Beyond the buzz: Blockchain’s real world applications
With so many think pieces and LinkedIn posts heralding the new era of blockchain without actually explaining what blockchain is, Lucy von Sturmer decided it was time to set the record straight. Here, she lists several real world applications for the technology, some of which are already happening.
Until recently, my interest and understanding of blockchain was limited. I’m not a developer and I have little interest in cryptocurrency. But, over the past few weeks, some pretty interesting things have started to happen. These events have sparked my interest and expanded the promise, and potential, of blockchain beyond the world of finance.
The solution to our (digital) problems?
The concept of uniqueness provided by blockchain is pretty amazing. Imagine what this could mean for digital content creators who, for the first time ever, could protect their ideas or limit their work. (Spoiler alert: there’s already a market for this within the art industry).
Eric Schmidt, executive chairman of Google, is pretty excited about this potential too. He said: “The ability to create something which is not duplicable in the digital world has enormous value. Lots of people will build businesses on top of that.”

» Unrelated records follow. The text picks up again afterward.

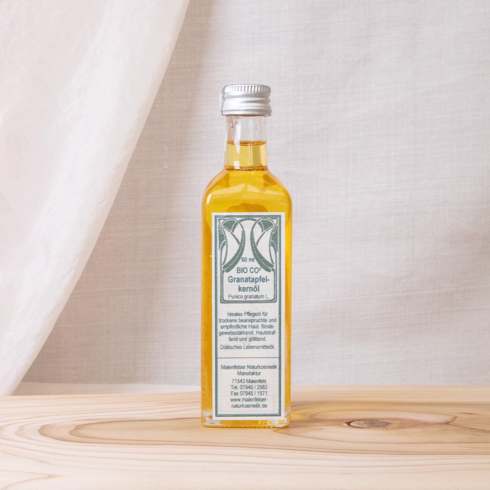 Der Granatapfelbaum kommt ursprünglich vor allem im südwestlichen Asien von der Türkei über den Iran, Syrien bis nach Indien vor. Heute sieht man ihn auch rund ums Mittelmeer. Die rote Frucht des Granatapfels beinhaltet zahlreiche erbsengrosse Samen mit roter Aussenschicht, die entweder kaltgepresst oder in CO2-Extraktion ein sehr wertvolles Öl ergeben. Das hellgelbe Öl hat einen lieblichen, leicht süßen Duft. Durch den hohen Anteil einer ungewöhnlich seltenen Ölsäure - der Pumicinsäure, die zu den mehrfach ungesättigten Fettsäuren (Omega 5) gezählt wird - zeigt das Granatapfelkernöl eine starke antioxidative Eigenschaft.
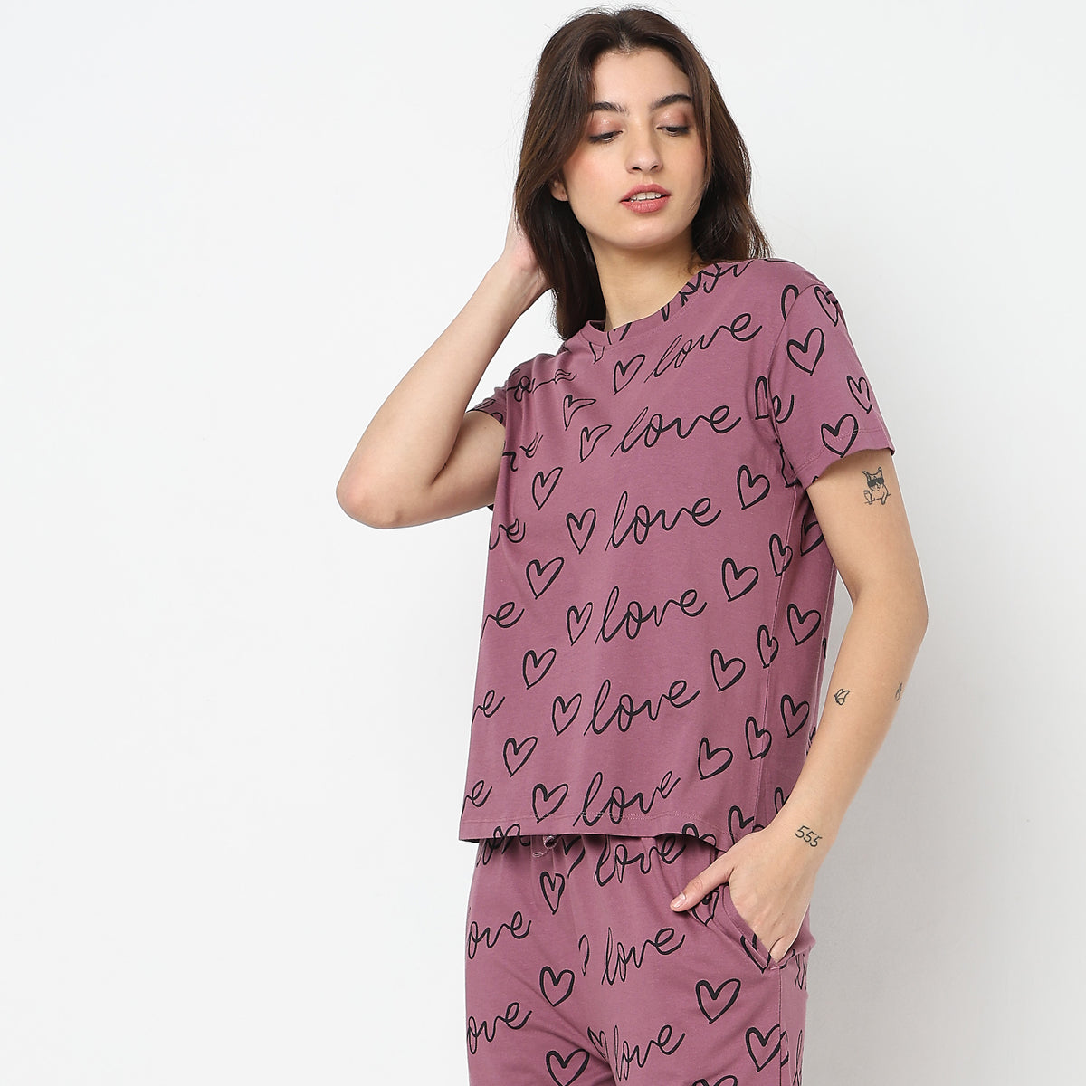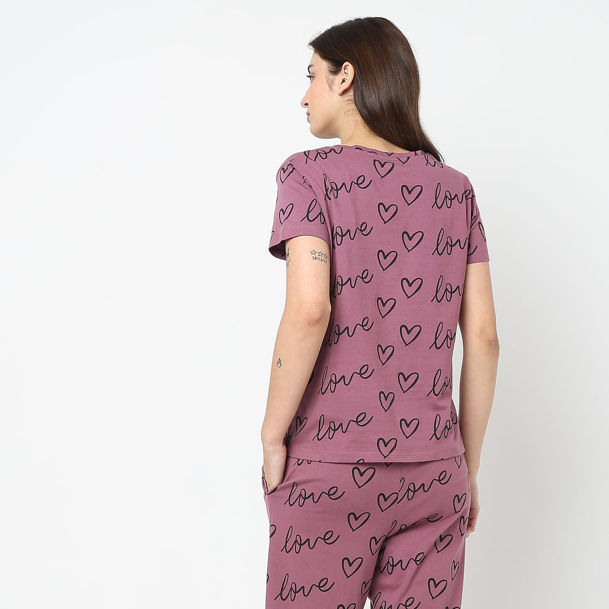 Knitted Printed T-Shirt With Pyjama Sleepwear Set
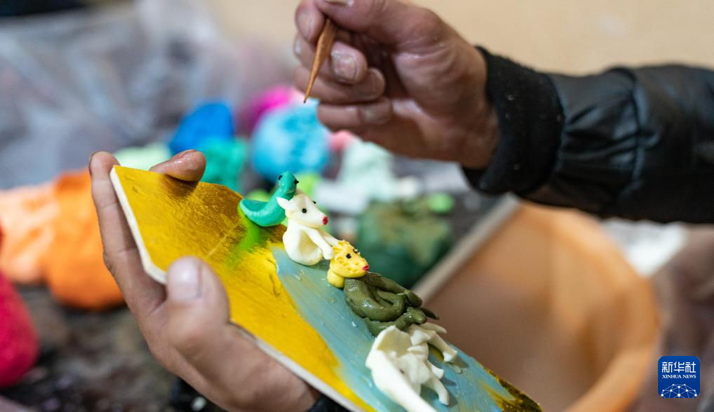 2月7日,在拉薩八廓商城,手工藝人在制作酥油花。
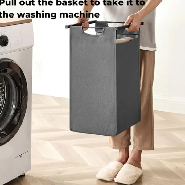 Med sin mångsidiga och moderna design passar denna tvättkorg perfekt i såväl tvättstugan som badrummet eller sovrummet – där det finns behov av praktisk förvaring och snygg funktionalitet.
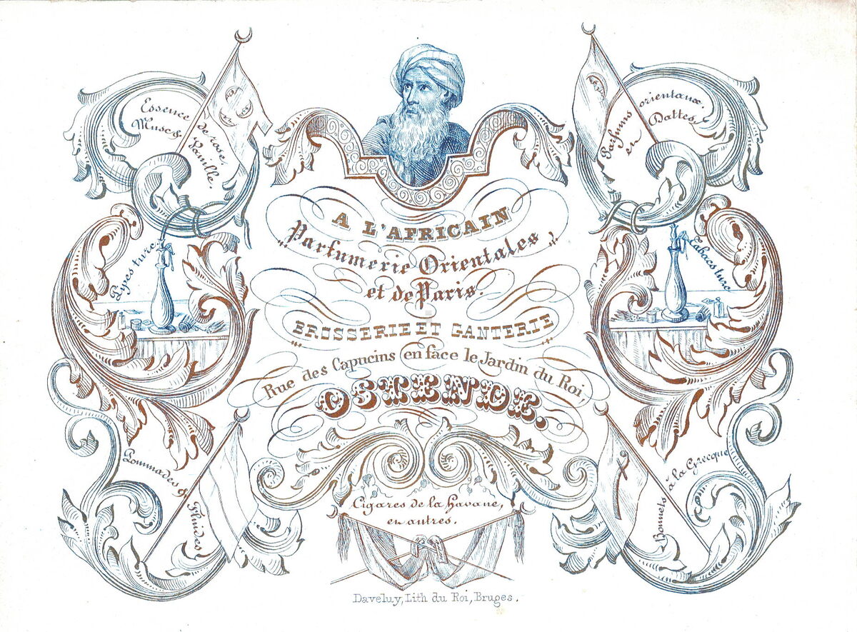 Formaat : 12 x 16 cm. - A L'Africain. Parfumerie Orientales et de Paris. Brosserie et Ganterie. Rue des Capucins en face le jardin du Roi Ostende. Cigares de la Havane et autres. Essense de rose, Muscs de Vanille. Pipes turc. Pommades & Fluides. Parfums orientaux et Dates. Tabacs turc. Bonnets à la Grecque.
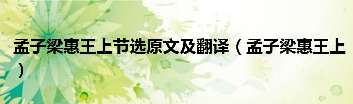关于孟子梁惠王上节选原文及翻译,孟子梁惠王上这个很多人还不知道,今天菲菲来为大家解答以上的问题,现在让我们一起来看看吧!
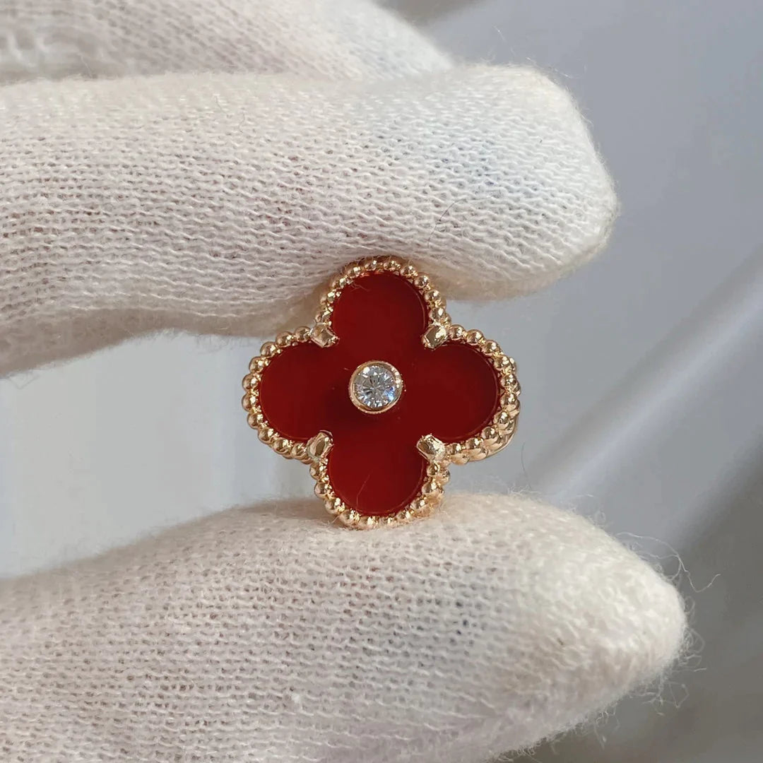 Clover Earrings Carnelian Pink Gold Diamond Elegant High Quality
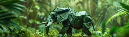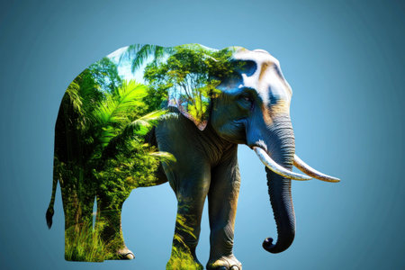 A powerful double exposure of an elephant walking through a green jungle, symbolizing wildlife and conservation with ample empty space.
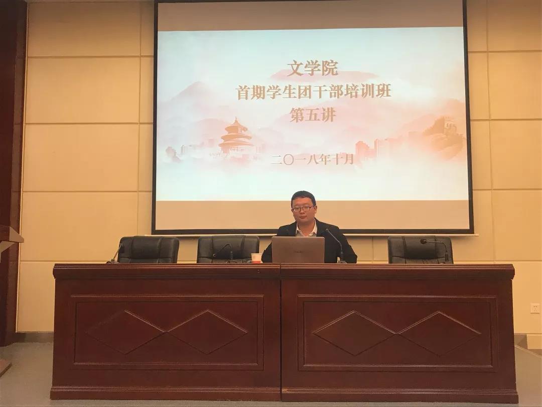 开班仪式暨培训第一讲于10月12日14:30开始。校团委副书记高扬老师围绕“青年”和“基层”两个方面,就团的基层组织建设与支部工作问题为团干部们进行了细致讲解,并通过团日活动实例分析,对团干部工作进行了有效指导。
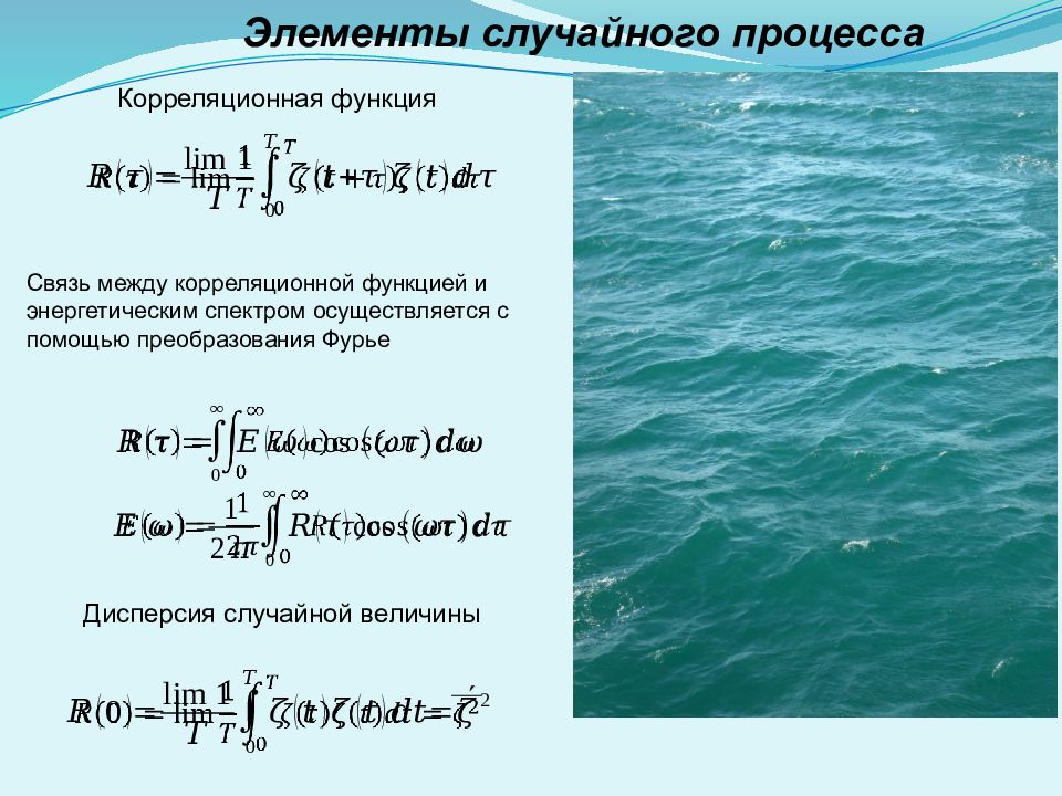Корреляционная функция Связь между корреляционной функцией и энергетическим спектром осуществляется с помощью преобразования Фурье Дисперсия случайной величины Элементы случайного процесса
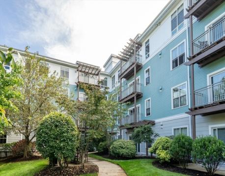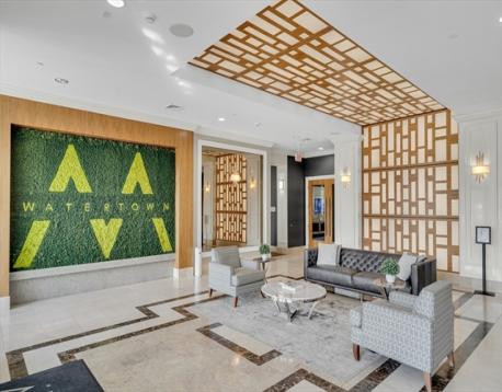 Experience penthouse living at the popular Repton Circle! Elegant 2 bedroom and 2 bathroom unit with 2 deeded garage parkings. Open-plan living room with 9.5ft ceiling height, floor-to-ceiling windows & gleaming hardwood floor. Gourmet kitchen with maple cabinetry, granite countertop & SS appliances. Stepping out to the balcony overlooking the resort style landscaped courtyard. Primary suite and second bedroom both with bright large windows, tile surround tub/shower. In-unit laundry & extra storage. Luxury amenities: pool, fitness center, BBQ, playground, pet run, bike storage, guest parking and pet friendly policy. Prime location walk to Charles River Greenway bike path all the way to Cambridge, Stop & Shop conveniently located across the street, bus to Harvard Sq. and easy drive to Boston. Enjoy Watertown's vibrant art, shopping and restaurant at Arsenal Yard and recreation center at Arsenal Park!!
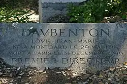 Daubenton published many articles in the memoirs of the Parisian Académie Royale des Sciences, presenting his research on animals, the comparative anatomy of extant and fossil animals, vegetable physiology, mineralogy, agriculture, and the merino sheep that he successfully introduced into France. He was elected as a member to the American Philosophical Society in 1775.[2] From 1775 onwards, Daubenton lectured on natural history in the College of Medicine, and in 1783 on rural economy at the Alfort school. He was also professor of mineralogy at the Jardin du Roi. As a lecturer he was in high repute, and to the last retained his popularity. In December 1799 he was appointed a member of the senate, but at the first meeting which he attended he fell from his seat in an apoplectic fit and, after a short illness, died at Paris. He was married but the couple had no children.[3] His wife, Marguerite Daubenton (1720-1818), was a novelist and the author of Zelie dans le Desert (1786).
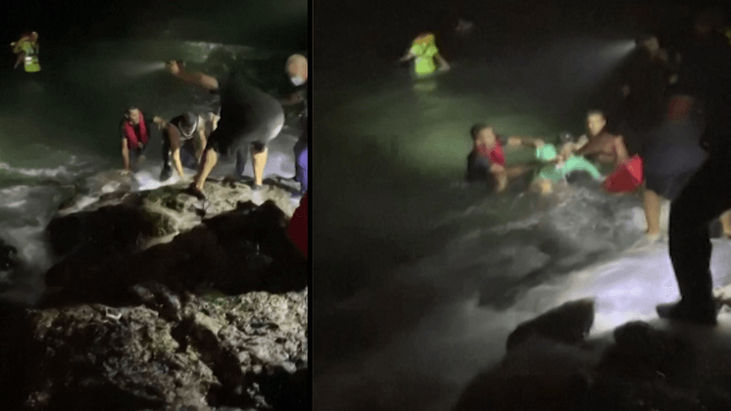 Viranomaisten pelastusoperaatio saarella tallentui videomateriaalille. Yläpuolelta löytyvältä videolta on nähtävissä, kuinka hädissään olevia ihmisiä pelastetaan veden varasta.
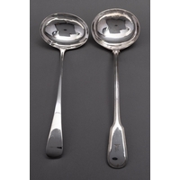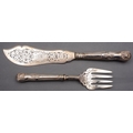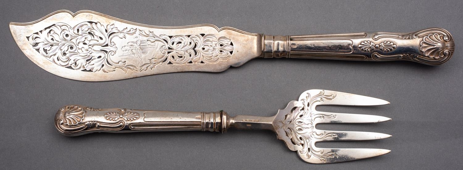 A pair of Victorian silver fish servers by Francis Higgins II, London 1854, Kings pattern handles, pierced and engraved blades with a scene of a fishing boat and a woman holding a basket of fish, knife 33cm. (12.9ins.), 314.gms., (10.1ozs.)

Greater transparency for fashion brands
You have to have been living under a rock not to be aware of the myriad issues plaguing the fast-fashion supply chain. While many brands have pledged to do more to protect workers and the environment, the industry’s long and complex chain is often pointed to as one of the key reasons accountability is not (yet) ((really)) possible.
This makes it almost impossible for a brand to legitimately forge a reputation as environmentally friendly, and has resulted in many a PR disaster.
But what if blockchain could change that?
London-based designer Martine Jarlgaard has launched a pilot that tracks the journey of raw materials through the supply chain. The system works by using a unique digital token which verifies each step of production. By doing so, a digital history of information is created for all to see.
More accurate political elections
Earlier this month, the world’s first ever blockchain-powered presidential elections took place. One of blockchain’s key offerings is that it creates a decentralized immutable record of all transactions. This makes it possible to track information across all steps of the chain.
In the case of Sierra Leone’s recent election, a blockchain solution was used to verify all votes cast manually and a record of these votes was made available to the public.
This ensured an unprecedented amount of accuracy and transparency and the event was hailed as a global landmark. Business Insider reported: “This could pave the way for blockchain technology to shape elections around the world.”
A fundamentally new development
To get some deeper insight into the current state of play, I reached out to Paul Sanderson, senior engineer at blockchain company Encrypt S. He said: “Blockchain is an idea that’s only eight years old. It’s a fundamentally new development in computer science. Bitcoin proved that blockchain has real-world application and that it can be used in sensitive areas. But its impact will go far beyond that.”
Asking the lay(wo)man’s question — how much I need to know and what I need to be doing to prepare, his answer was: “Not everyone needs to know how the internet works, but almost everybody uses it and it will be the same with blockchain. Understanding how the technology works will allow new business to emerge, and older ones to adapt. But for many, blockchain will simply enhance their experience; its integration will be seamless.”
The “new internet”
Many moons ago, when I was studying what was then called New Media, my university peers and I were excited about the utopian possibilities presented by the web. We believed this new digital landscape would give more power to the little guy and that it would democratise the spread of (quality) information.
Many years have passed, and with it, our dreams have morphed into a reality full of fake news, endless cookies that follow us around, and increasingly fragmented audiences.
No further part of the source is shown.